From what I understand, PostgreSQL allows the client to override some of its settings. So, this parameter can be set in the client code through the server_settings parameter. Like this:

engine = create_async_engine(
    database_url,
    connect_args={"server_settings": {"tcp_keepalives_idle": "600"}},
)

This is not very well documented in SQLAlchemy, here is the only reference that gave me an hint about this: PostgreSQL — SQLAlchemy 1.4 Documentation

I’ve set it to 10 minutes (600 seconds)… But this doesn’t solve the issue. I’m not 100% sure the parameter is actually taken into account by PostgreSQL.

I also tried to set it directly on the cluster configuration thanks to the guidance found in this topic, by using the stolonctl tool. Unfortunately, it doesn’t solve the issue neither :cry:

I’ve tried something else: use the pool_recycle argument of SQLAlchemy. Basically, it discards connections that are older than a defined threshold.

engine = create_async_engine(
    database_url, pool_recycle=1800
)

I’ve set it at 30 minutes (1800 seconds) to match the limit of the proxy and it seems to solve the issue.

However, it sounds a bit sub-optimal as we may not be able to keep a connection live for more than 30 minutes. It should do it for now, but I would be curious to explore other alternatives if someone has ideas.

I’ve set it to 10 minutes (600 seconds)… But this doesn’t solve the issue. I’m not 100% sure the parameter is actually taken into account by PostgreSQL.

Yeah, in this case, it’s Stolon who manages the PG configuration.
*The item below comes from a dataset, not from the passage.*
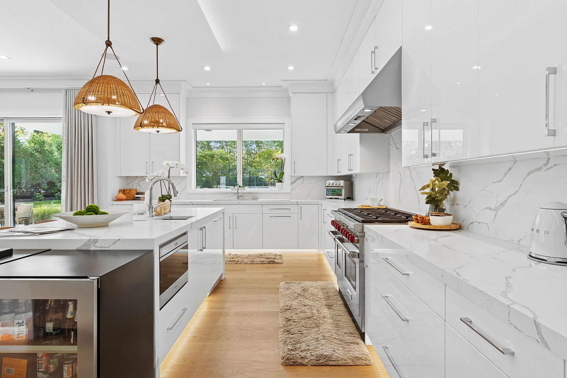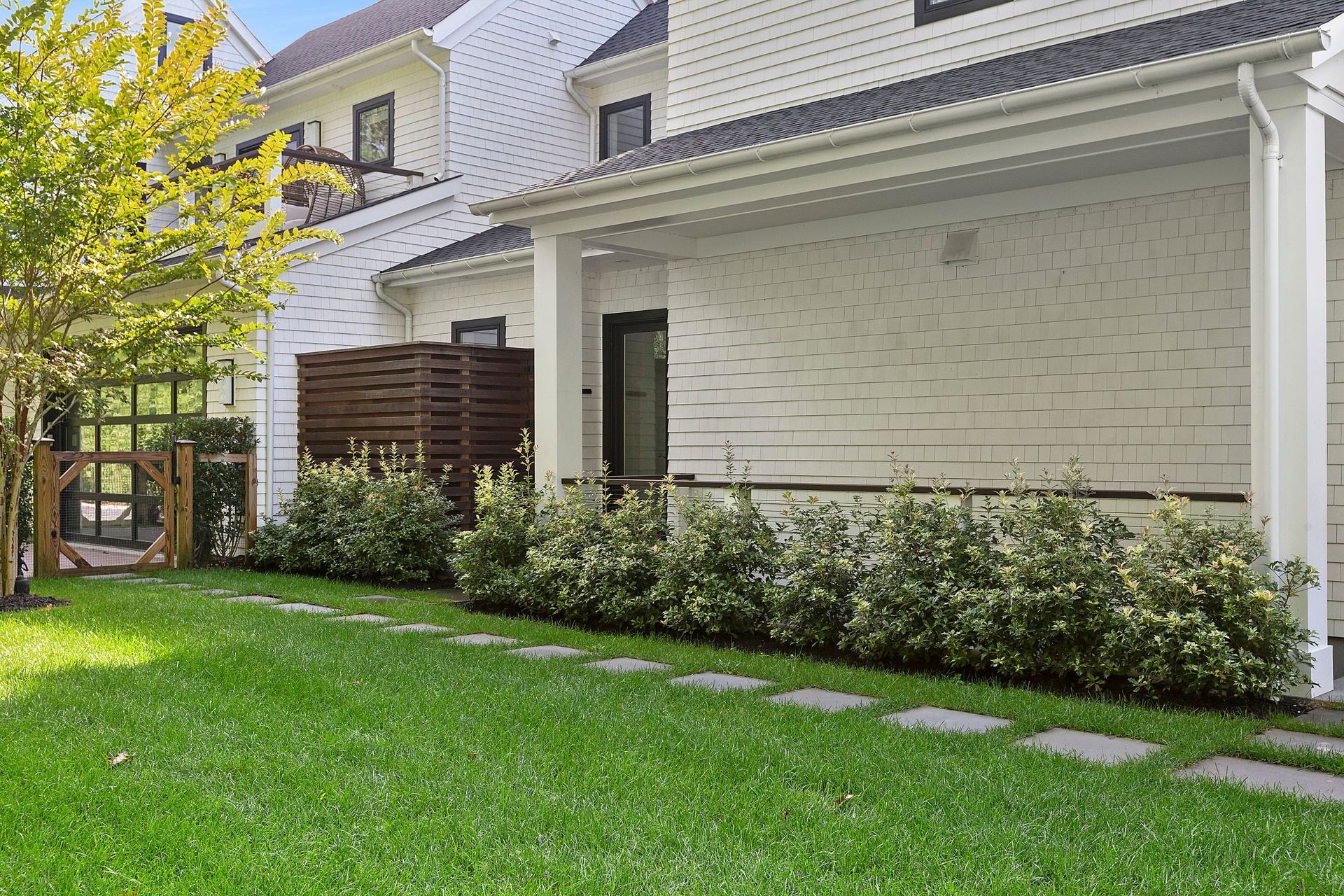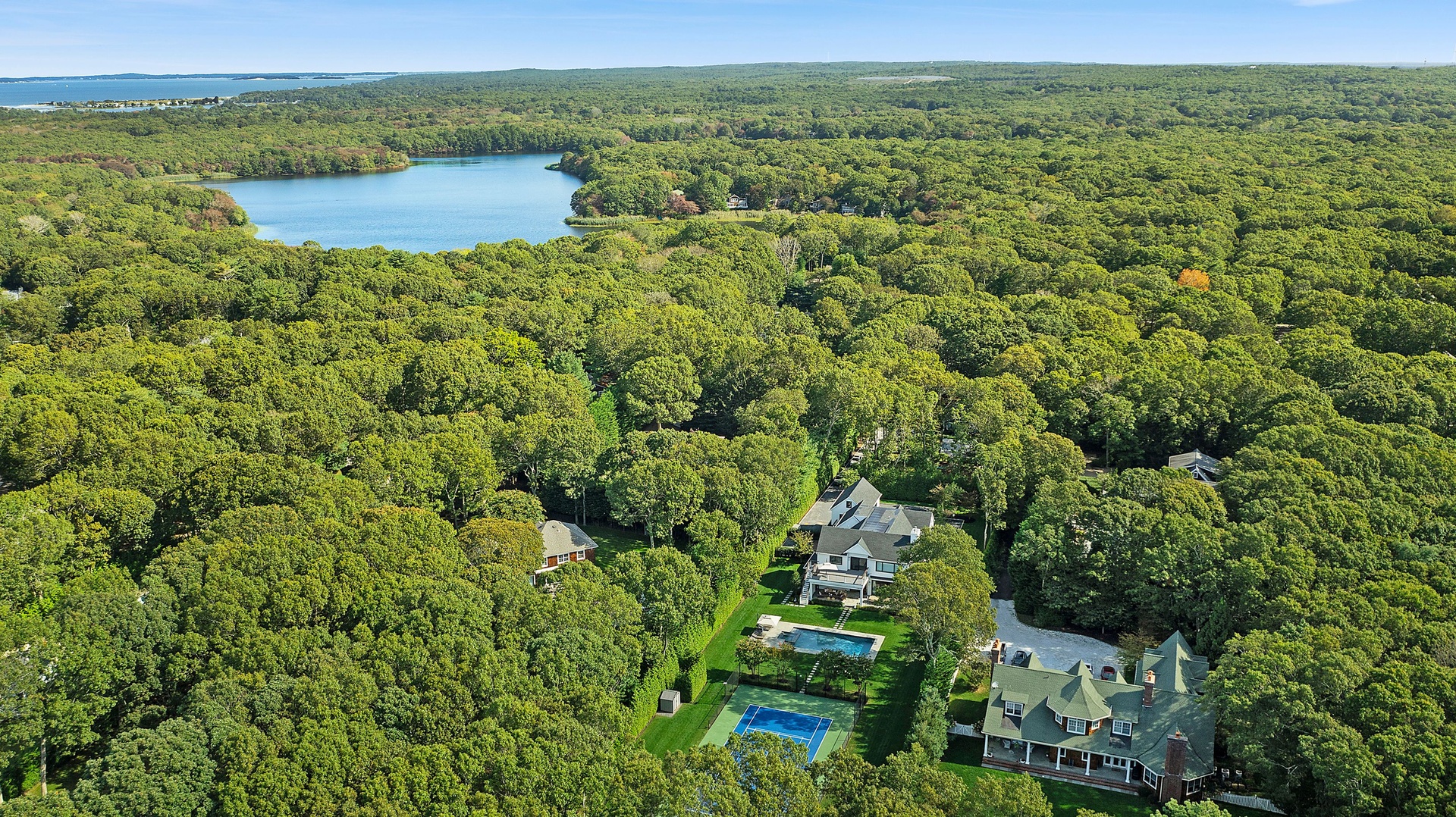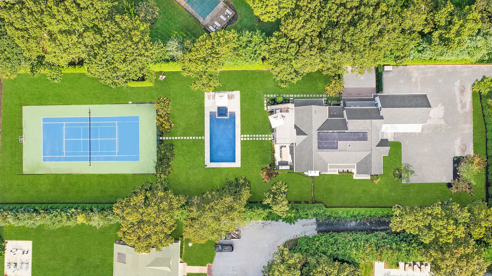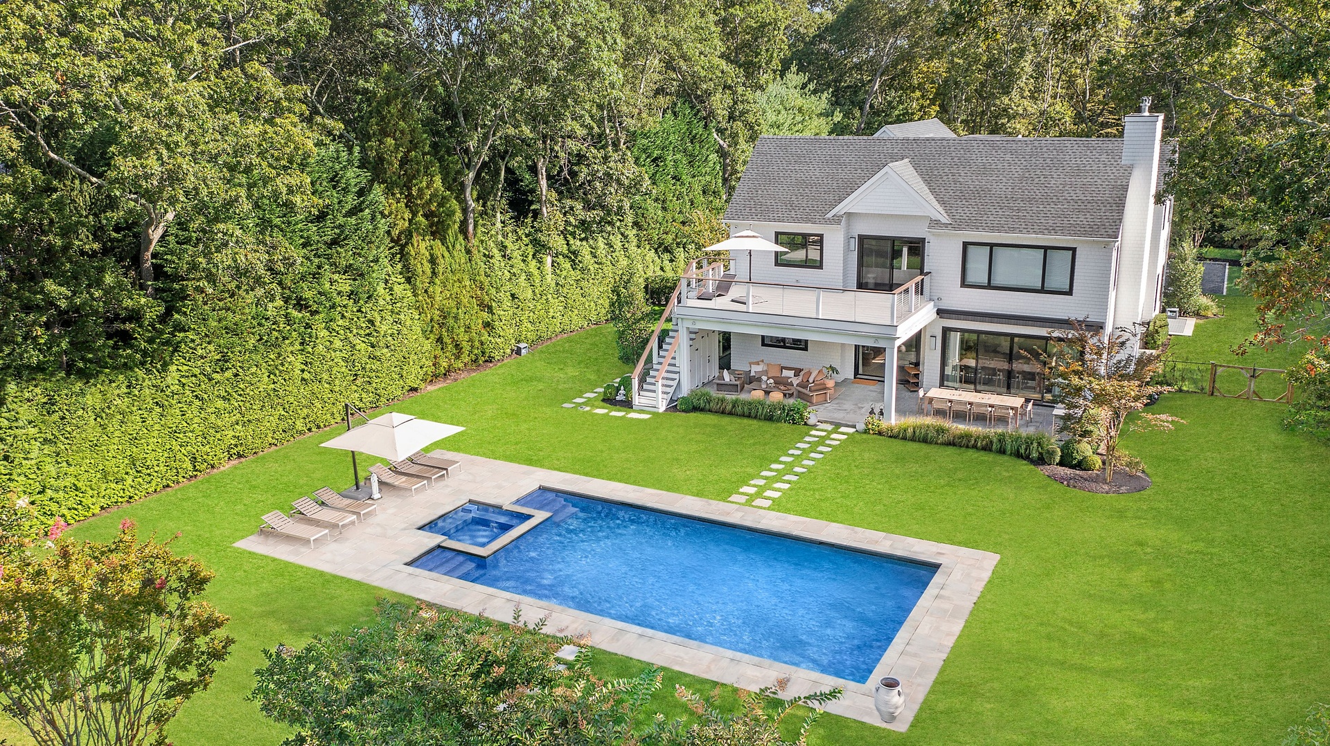 Nestled on a serene 1.3 acre flag lot, this gated estate is enveloped by mature privacy trees and lush, meticulously landscaped grounds creating a true private retreat. Spanning 7,000 square feet across three levels, the residence offers 7 bedrooms and 6.5 baths, thoughtfully designed with six-inch-wide white oak select hardwood flooring throughout. At the heart of the home, the gourmet kitchen showcases premium Sub-Zero and Wolf appliances, including an 8-burner stove, and a striking waterfall edge island with ample seating. Matching stone countertops and backsplash slabs add a touch of modern elegance, while an adjacent private dining area with a glass-front wine closet provides the perfect setting for entertaining. Just off the main living area, a state of the art fitness center opens through a full garage-style glass door into a private garden area, blending indoor and outdoor wellness experiences. Upstairs, the primary suite spans the entire rear of the home, offering tranquil backyard vistas from a wraparound balcony shared with the guest suite. The suite features a spacious sitting area or office alcove, a cozy fireplace, and an expansive custom closets. Three additional bedrooms and a fully equipped laundry room with generous storage and counter space complete this floor. The lower level is designed for leisure and entertainment, featuring a private sauna, theater/media room and two bedrooms with one full bathoom. The home features a state-of-the-art Japanese water filtration system servicing the entire house, delivering exceptionally pure, spa-quality water at every tap. Outdoors, the property transforms into a resort inspired sanctuary with a heated patio area, fire pit lounge, outdoor shower, pickleball and tennis court, and a built in spa integrated into the pool. Combining refined luxury with wellness focused living, this exceptional home offers a one of a kind retreat for relaxation, recreation, and rejuvenation. Only 5 minutes to water access to launch a paddle board or kayak on the peconic bay! **Rental includes use of an Escalade truck with Town of Southampton Beach Parking Pass!**

Any PG settings that are set directly will be overwritten by Stolon. In any case, you can tweak any of the server-side settings using the following strategy:

Note: We are in the process of making this easier.

# SSH into your Postgres app.  
fly ssh console --app <app-name>

# Export the some stolonctl specific environment variables
export $(cat /data/.env | xargs)

# Update stolon spec
stolonctl update --patch '{"pgParameters": { "tcp_keepalives_idle": "<seconds>"}}'

1 Like

Yes, that’s what I did ultimately. The parameter was correctly set, but it didn’t solve the issue. Maybe the OS doesn’t send the TCP message or the proxy ignores it, I’m not sure how I could debug that.

Hi! Sorry to hijack this thread, but I believe I’m having the same issue, with a slightly different tech set up. I’m running the good_job for background processing on a Rails application, and I’m having a hard connection cut off from the server every 30 minutes too.

PG::ConnectionBad: PQconsumeInput() server closed the connection unexpectedly
This probably means the server terminated abnormally
before or while processing the request.

I reported it to the gem issue tracker (ActiveRecord::StatementInvalid: PG::ConnectionBad: PQsocket() can't get socket descriptor every 30 minutes aprox. · Issue #579 · bensheldon/good_job · GitHub) but it seems that this problem would be on the server side from what I’m reading here! We’re seeing this exactly every 30 minutes or so

ActiveRecord’s configuration will by default set an idle_timeout of 5 minutes("number of seconds that a connection will be kept unused in the pool before it is automatically disconnected (default 300 seconds). Set this to zero to keep connections forever." ActiveRecord::ConnectionAdapters::ConnectionPool), which is set in this app:

irb(main):006:0> ActiveRecord::Base.connection_pool.db_config.idle_timeout
=> 300.0

but I’m still getting this error message every 30 mins or so. Is there any other setting in postgres that I could tweak to fix this?

In my case, the equivalent parameter, pool_recycle solved the issue by making the client proactively close the connection before the proxy does.

I’m not a Ruby expert but a first step could be to make sure that this parameter is correctly taken into account by your worker.